• _WHAT THE TASK REQUIRES_:
The exercise calls for exact output of the lines between the one that contains "Rotate the camera" and the end of the data, with both ends kept and pictures left out.

• _DATA EXTRACT_:
━━━
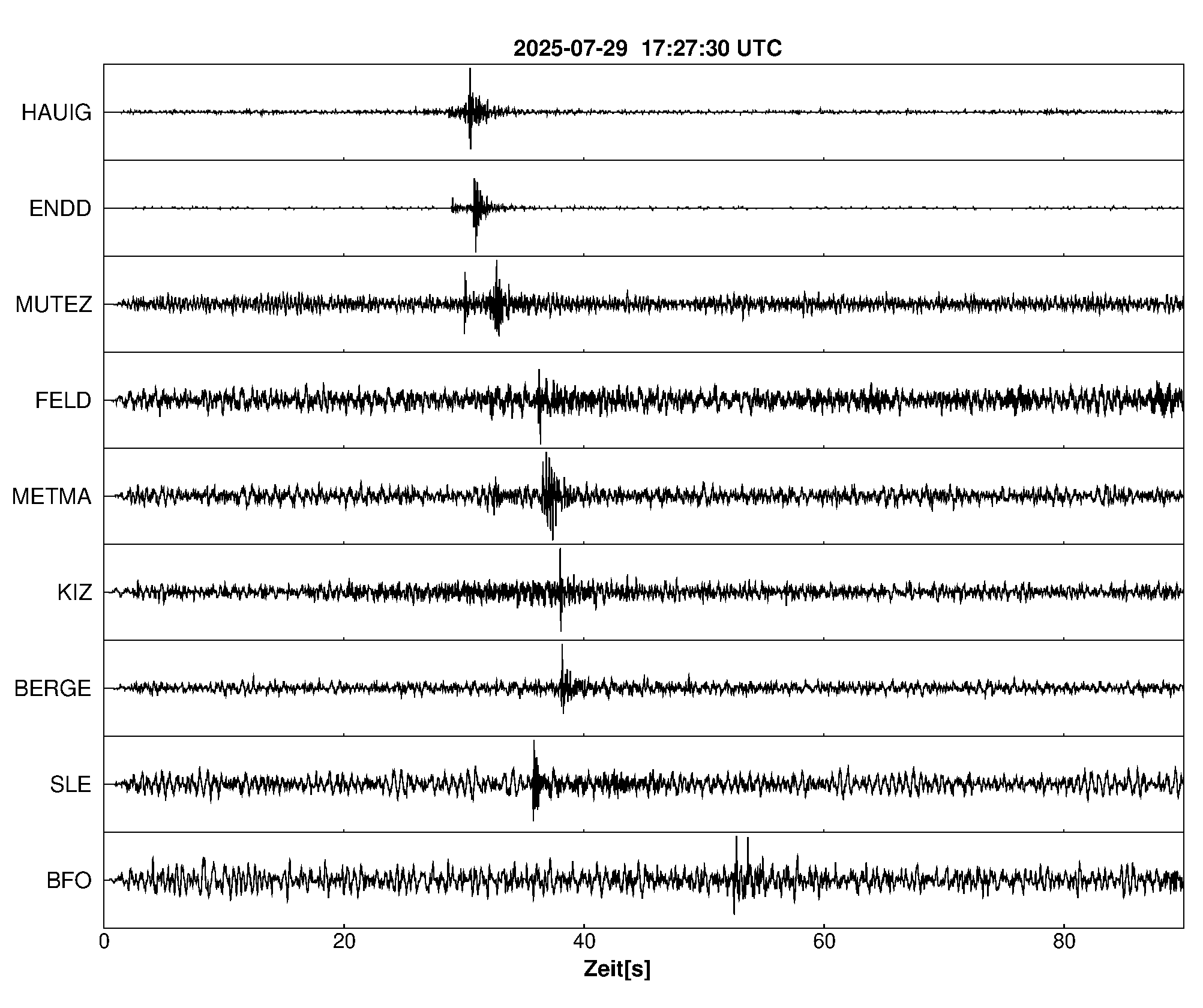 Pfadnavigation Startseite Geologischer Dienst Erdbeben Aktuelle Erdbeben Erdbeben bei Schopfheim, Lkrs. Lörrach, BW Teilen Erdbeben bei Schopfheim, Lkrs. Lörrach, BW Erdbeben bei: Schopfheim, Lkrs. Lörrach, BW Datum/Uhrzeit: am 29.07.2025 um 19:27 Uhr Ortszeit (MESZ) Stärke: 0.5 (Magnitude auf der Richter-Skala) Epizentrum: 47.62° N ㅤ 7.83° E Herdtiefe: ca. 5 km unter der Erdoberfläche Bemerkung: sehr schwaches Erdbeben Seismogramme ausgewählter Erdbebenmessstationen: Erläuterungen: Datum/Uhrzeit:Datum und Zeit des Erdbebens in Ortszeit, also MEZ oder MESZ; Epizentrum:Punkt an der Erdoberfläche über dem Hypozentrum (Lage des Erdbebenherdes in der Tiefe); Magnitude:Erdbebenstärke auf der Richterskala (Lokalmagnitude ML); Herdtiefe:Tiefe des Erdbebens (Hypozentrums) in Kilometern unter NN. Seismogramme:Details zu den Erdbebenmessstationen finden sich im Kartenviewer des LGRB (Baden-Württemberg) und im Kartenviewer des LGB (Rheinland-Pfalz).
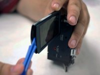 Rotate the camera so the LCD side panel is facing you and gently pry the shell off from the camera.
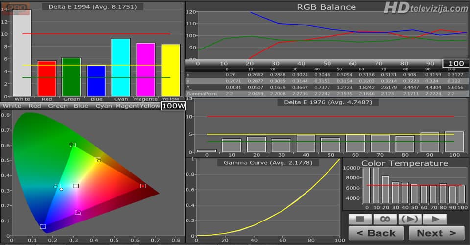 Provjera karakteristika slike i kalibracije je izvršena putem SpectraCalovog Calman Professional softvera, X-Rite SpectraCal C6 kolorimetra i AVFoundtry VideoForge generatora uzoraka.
━━━
• _WRITTEN ANSWER_:
 Rotate the camera so the LCD side panel is facing you and gently pry the shell off from the camera.
 Provjera karakteristika slike i kalibracije je izvršena putem SpectraCalovog Calman Professional softvera, X-Rite SpectraCal C6 kolorimetra i AVFoundtry VideoForge generatora uzoraka.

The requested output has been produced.